И чтобы вдохновиться к новому возражению, он зажег себе сигару.
— А этот черный корешок — тоже «плод цивилизации»? — продолжал допытываться помпеец.
— Как же.
— И тебе доставляет некоторое удовольствие вдыхать его горький дым?
— Даже большое. Для меня эта горечь слаще меду.
— Я не поверил бы, если бы не видел своими глазами. Меня от этого запаха просто мутит. Не такова ли, однако, и вся ваша цивилизация: кому от неё сладко, а кому тошно.
— Ты рассуждаешь, как слепой о цветах! — сердито проворчал профессор. — Никто тебя не неволит курить. Цивилизация дает всякому полную свободу — пользоваться всеми её плодами…
— И стеснять тем других?
— Но если сигара составляет для меня уже необходимую потребность? Если я без неё не могу работать, мыслить?
— А! так это уже прихоть, слабость. Пока я замечаю только, что цивилизация ваша создала новые потребности, без которых мы, древние, прекрасно обходились. Прямой пользы от неё я не вижу.
— Скоро увидишь, очень скоро увидишь! — перебил Скарамуцциа. — Допустим, что сигары — прихоть. Допустим даже, что очки исправляют только тот изъян, что причиняет нашему зрению цивилизация, — хотя, впрочем, есть не мало и простолюдинов, которые слабы глазами и пользуются очками.

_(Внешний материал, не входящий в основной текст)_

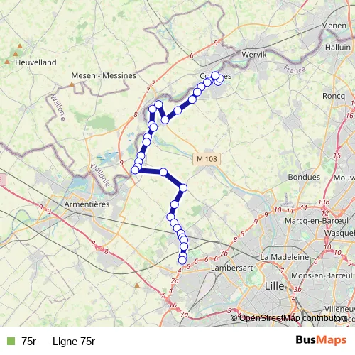 The first stop of the 75r bus route is Comines Gare and the last stop is St. Philibert. 75r (Ligne 75r) is operational during everyday.
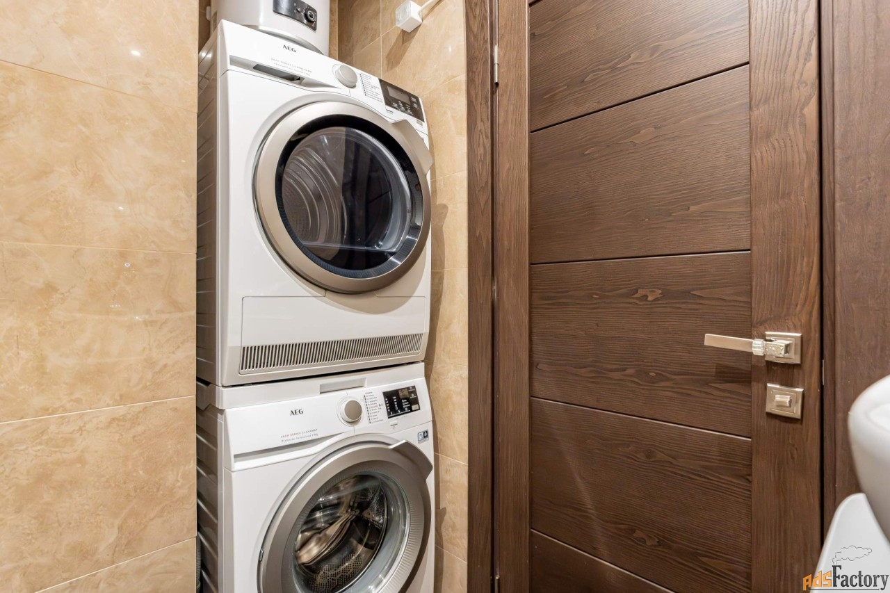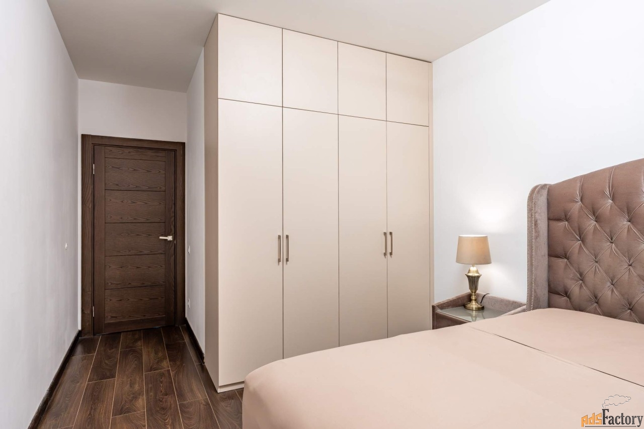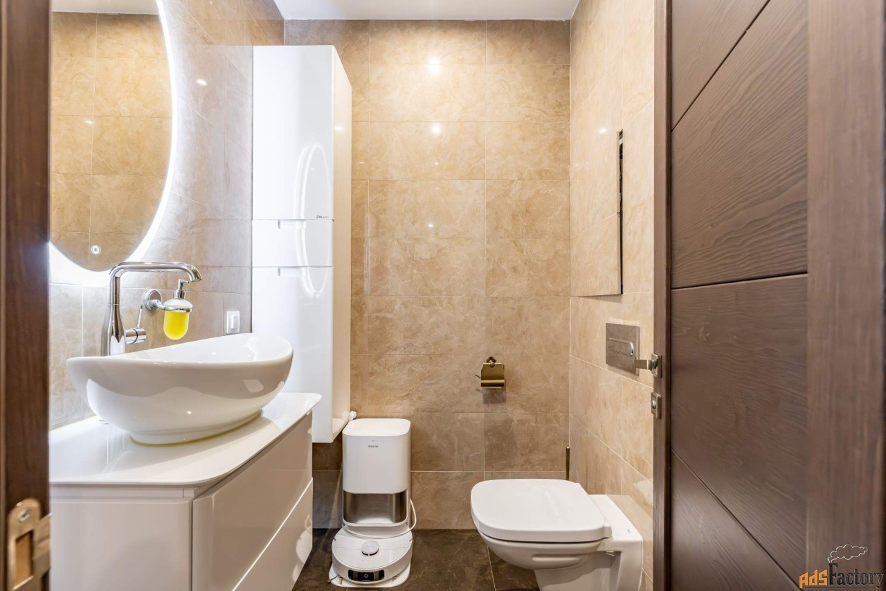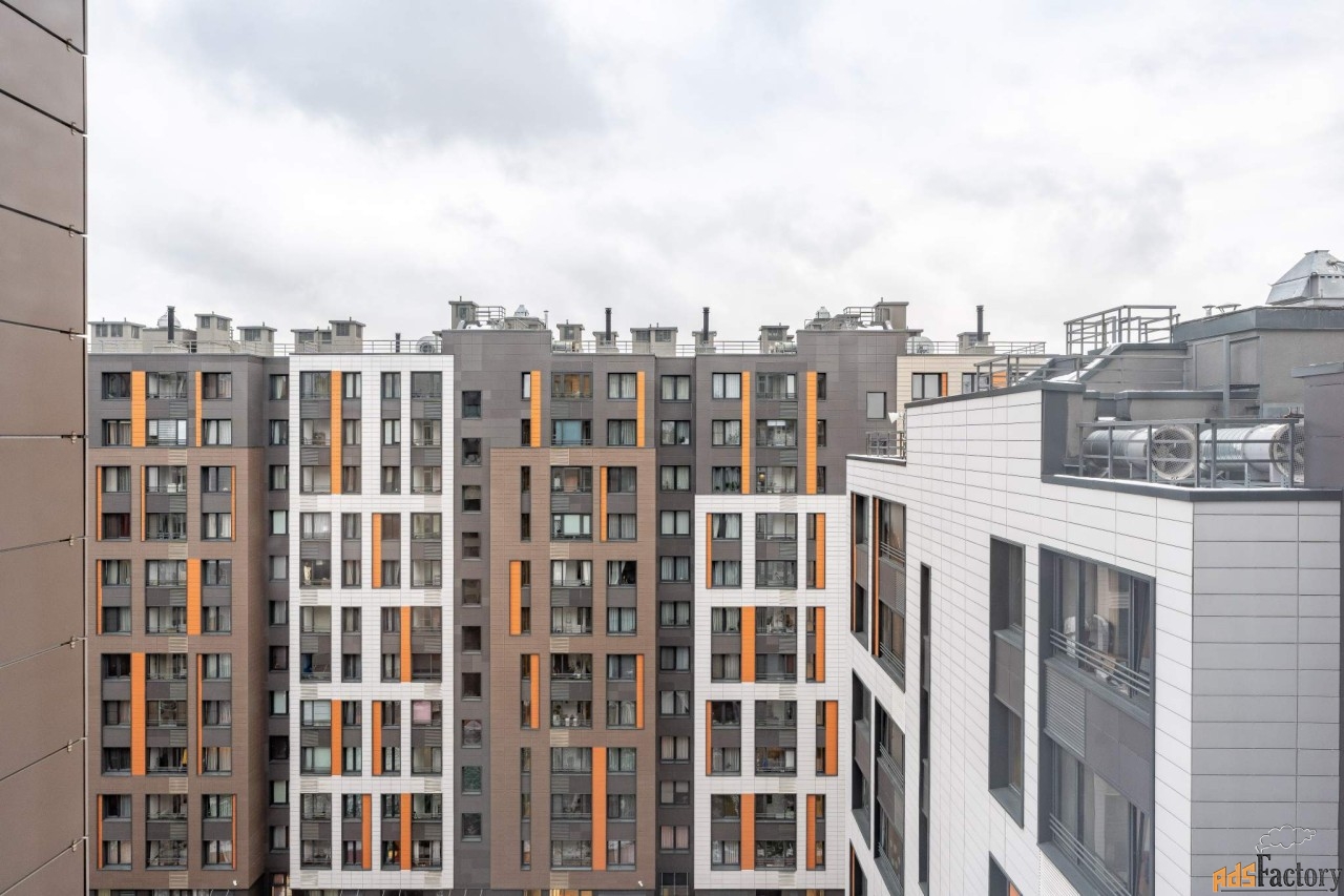 Квартира находится в современном комплексе в архитектурном стиле AECOM. Дизайнерские парадные, лифты OTIS, на первых этажах — магазины и сервисы. Закрытая территория, видеонаблюдение, контроль доступа. Во дворах — зоны отдыха, детские площадки, озеленение.

Но очки — только простейшая форм современных оптических инструментов. Есть у нас такие стекла, сквозь которые мы ясно различаем самых мелких букашек, невидимых простым глазом; есть и такие, которыми мы приближаем к себе самые отдаленные небесные светила…
— Правда? Я не смею сомневаться в твоих словах. И если это, действительно, так…
— Погоди, погоди; не то еще узнаешь. Дай мне только наметить программу.
И, не теряя ни минуты, Скарамуцциа засел за свою программу.
Глава шестая. Наука и жизнь
Под утро программа была готова, а с утра началось её выполнение.
Марк-Июний настолько уже окреп, что, задрапированный в плед, как в древнеримскую тогу, мог сидеть в вольтеровском кресле. Так как накануне речь зашла об оптических инструментах, то Скарамуцциа решился начать свой курс с оптики. Наставив микроскоп по глазам ученика, он стал показывать ему из своей коллекции микроскопических препаратов наиболее занимательные. Помпеец только ахал от восхищения.
— Да это чудо что такое! Микроскоп — это единственное в своем роде изобретение.
— Далеко не единственное — с самодовольствием отвечал профессор.
И, подкатив пациента в кресле к открытому балкону, он подал ему бинокль. Марк-Июний не отнимал уже стекла от глаз.
Сейчас перед окнами раскинулся городской сад— «Villa Nazionale», за ним расстилался лазурный Неаполитанский залив.
Городской сад — «Villa Nazionale» в Неаполе.
Наведя туда трубку, помпеец, очень заинтересовался дымившимися среди парусных судов и рыбачьих лодок с пароходами; а направив инструмент на отдаленный Везувий, он еще более был озадачен проведенной на гору проволочной железной дорогой, по которой всползал только что поезд. Изумлению и вопросам его не было конца, и сведущий по всем частям наставник едва успевал удовлетворять его ненасытную любознательность. Поневоле пришлось лектору отступить от своей программы, потому что движение парохода и паровоза нельзя же было растолковать без предварительного объяснения действия пара. Но эти отступления доставляли Скарамуцции даже удовольствие. Как молодая мать с умилением любуется первыми проблесками ума в своем детище, так умилялся он сметливостью своего «новорождённого» слушателя. Зараженный его молодым увлечением, он сам помолодел и увлекся.
С наступлением сумерек, когда на горизонте всплыла луна, профессор наставил на нее телескоп. То-то было опять восклицаний и вопросов! С луны разговор сам собою перешел на всю солнечную систему, на движение планет, на шарообразность земли; а там и на кругосветные путешествия, на открытие Америки Колумбом.